**DATA SHOWN**
Segment Open
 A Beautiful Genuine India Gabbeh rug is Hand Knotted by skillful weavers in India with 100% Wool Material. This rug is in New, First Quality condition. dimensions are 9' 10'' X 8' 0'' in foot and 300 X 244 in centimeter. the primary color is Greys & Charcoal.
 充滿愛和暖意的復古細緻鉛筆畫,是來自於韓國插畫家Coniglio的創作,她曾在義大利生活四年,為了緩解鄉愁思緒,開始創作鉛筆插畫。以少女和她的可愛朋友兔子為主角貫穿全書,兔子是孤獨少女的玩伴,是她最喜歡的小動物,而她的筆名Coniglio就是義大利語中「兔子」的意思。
Segment Closed
Segment Open
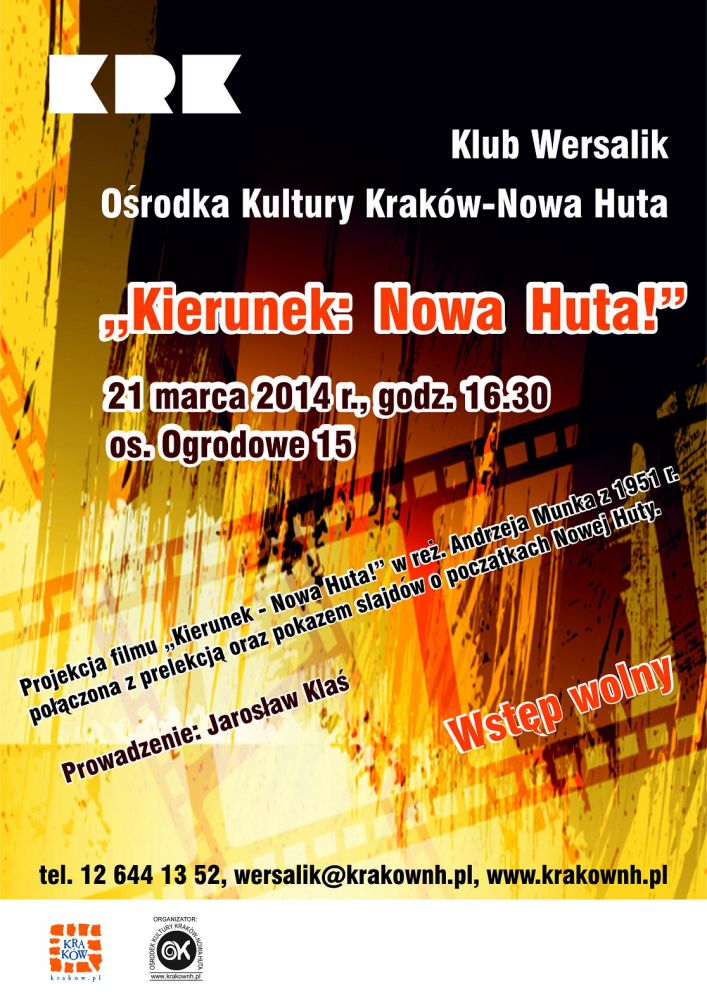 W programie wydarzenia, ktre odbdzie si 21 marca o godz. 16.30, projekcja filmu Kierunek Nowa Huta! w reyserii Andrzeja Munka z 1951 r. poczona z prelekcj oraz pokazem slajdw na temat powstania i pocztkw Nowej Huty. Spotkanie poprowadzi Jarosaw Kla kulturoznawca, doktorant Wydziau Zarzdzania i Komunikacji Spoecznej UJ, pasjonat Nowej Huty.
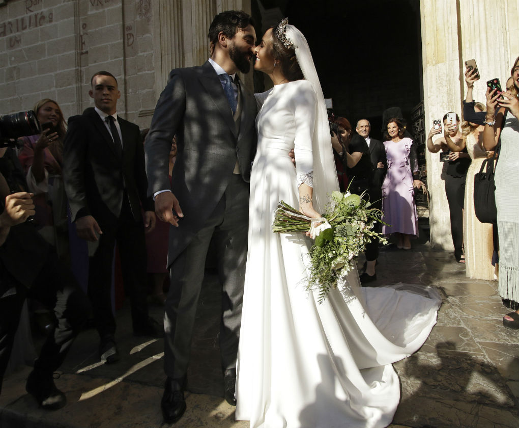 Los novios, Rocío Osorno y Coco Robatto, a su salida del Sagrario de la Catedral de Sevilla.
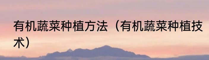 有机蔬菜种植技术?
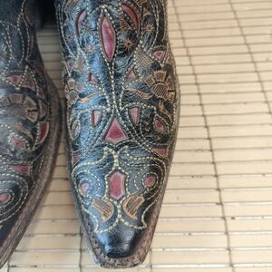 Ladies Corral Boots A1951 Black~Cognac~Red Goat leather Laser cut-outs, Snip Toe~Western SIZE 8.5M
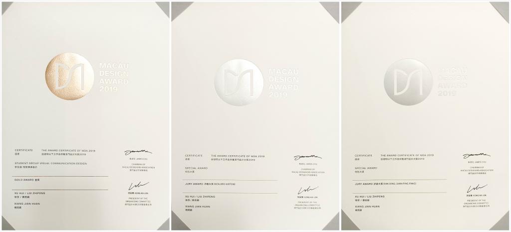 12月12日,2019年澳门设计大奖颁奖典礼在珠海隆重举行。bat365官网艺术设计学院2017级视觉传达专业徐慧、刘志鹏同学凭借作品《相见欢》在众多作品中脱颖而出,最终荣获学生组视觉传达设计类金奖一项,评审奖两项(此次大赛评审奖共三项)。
Segment Closed
Go to the line above that contains "Los novios, Rocío" and reproduce everything exactly from there through the line that contains "12月12日,2019年澳门", leaving out the pictures.

 Los novios, Rocío Osorno y Coco Robatto, a su salida del Sagrario de la Catedral de Sevilla.
 有机蔬菜种植技术?
 Ladies Corral Boots A1951 Black~Cognac~Red Goat leather Laser cut-outs, Snip Toe~Western SIZE 8.5M
 12月12日,2019年澳门设计大奖颁奖典礼在珠海隆重举行。bat365官网艺术设计学院2017级视觉传达专业徐慧、刘志鹏同学凭借作品《相见欢》在众多作品中脱颖而出,最终荣获学生组视觉传达设计类金奖一项,评审奖两项(此次大赛评审奖共三项)。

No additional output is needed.